India provided Malawi a grant of $5 million in January 2010. It also supplied science and laboratory equipment, and medical equipment worth $3 million to the Government of Malawi. $1 million of tractors and implements was gifted to Malawi in August 2015, and a grant of $1 million was provided to set up a Business Incubator Centre in Malawi. India donated $1 million worth of essential medicines on 1 July 2015 towards disaster relief operations, and also donated medicines and tent ridges to the Malawi Department of Disaster Management in September 2016. The Indian government provided another $1 million grants in response to State of Disaster declared by the President of Malawi in 2016.

India spent $8.46 million to construct dal processing plants in Liwonde and Luchenza. Construction on the plants began and in September 2015, and both were commissioned by July 2016. The country spent $33.64 million to construct a sugar processing plant in Salima, the sugarcane producing district of Malawi. Construction of the Salima Sugar plant began in March 2013 and was completed in October 2015. The plant consumes 1250 metric tons of sugarcane in 8 hours of operations. In the first two months since operations began, the plant produced 300 tons of sugar.

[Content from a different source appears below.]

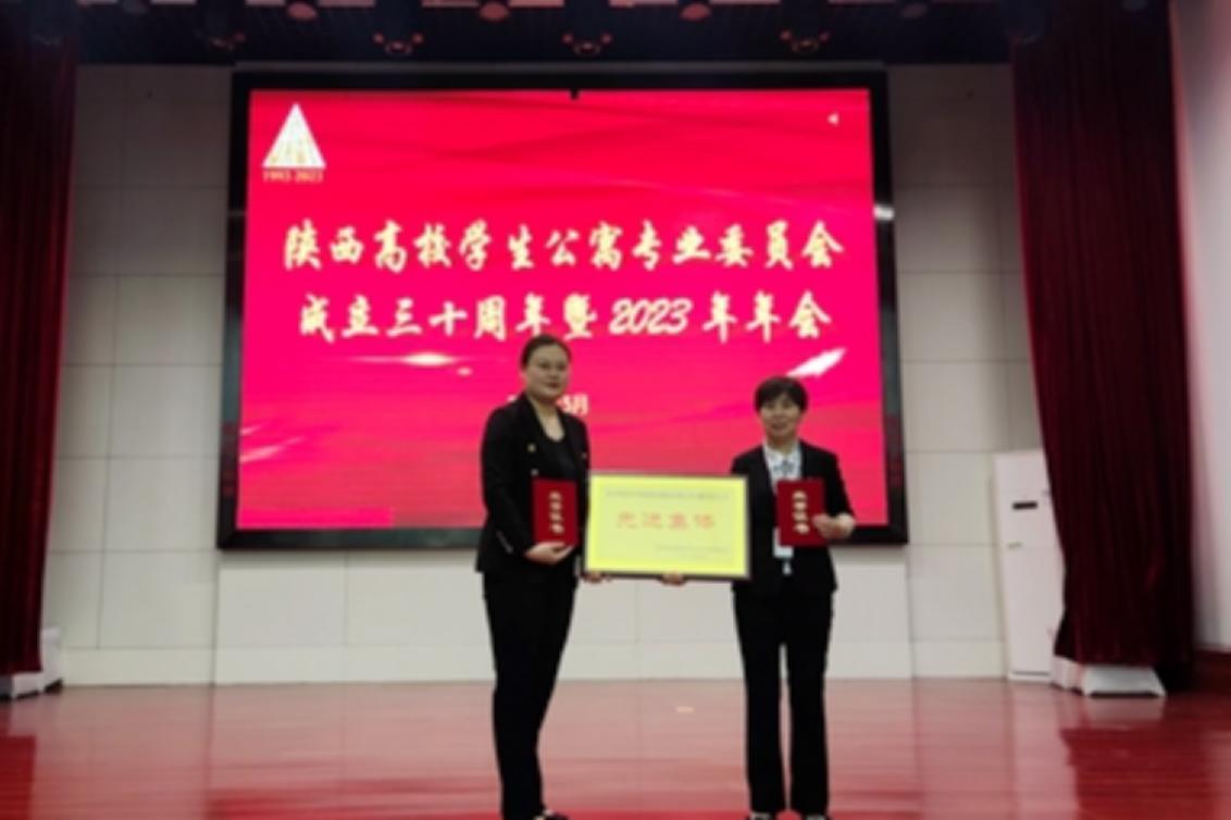 西京网讯:5月26日,由陕西高校学生公寓专业委员会主办的“陕西高校学生公寓专业委员会成立三十周年暨2023年年会”在常宁宫召开。会上,表彰了“陕西高校学生公寓先进集体、服务标兵、优秀员工(2023),我校华煜公司公寓管理分公司被评为2023年度“陕西高校学生公寓先进集体”,这是我校第六次获此荣誉。公寓管理分公司经理王丽娟荣获陕西高校学生公寓“服务标兵”,办公室干事仵桐荣获陕西高校学生公寓“优秀员工”。

Citizens of Malawi are eligible for scholarships under the Indian Technical and Economic Cooperation Programme and the Indian Council for Cultural Relations. India has also transferred technology to Malawi under the ITEC programme.

India is a preferred destination for Malawians seeking medical treatment. Indian hospitals such as Artemis Hospital in Gurgaon, Kokilaben Dhirubhai Ambani Hospital & Medical Research Institute and Fortis Hospitals have introduced specific arrangements to cater to citizens of Malawi.

==Indians in Malawi==
The initial Indian migration to Malawi began after the latter became a British colony in 1891. The British transported Indians to Malawi and Mozambique to work on a rail project between the two African nations.

As of December 2016, 8,000 persons of Indian origin reside in Malawi, most of whom are of Gujarati origin. They primarily reside in cities such as Lilongwe, Blantyre, Zomba and Mzuzu. Most members of the Indian community that have lived in the country for more than one generation hold British citizenship. Indian citizens in the country are primarily engaged in trading, agriculture and agro business, pharmaceuticals, and the retail and hospitality industries.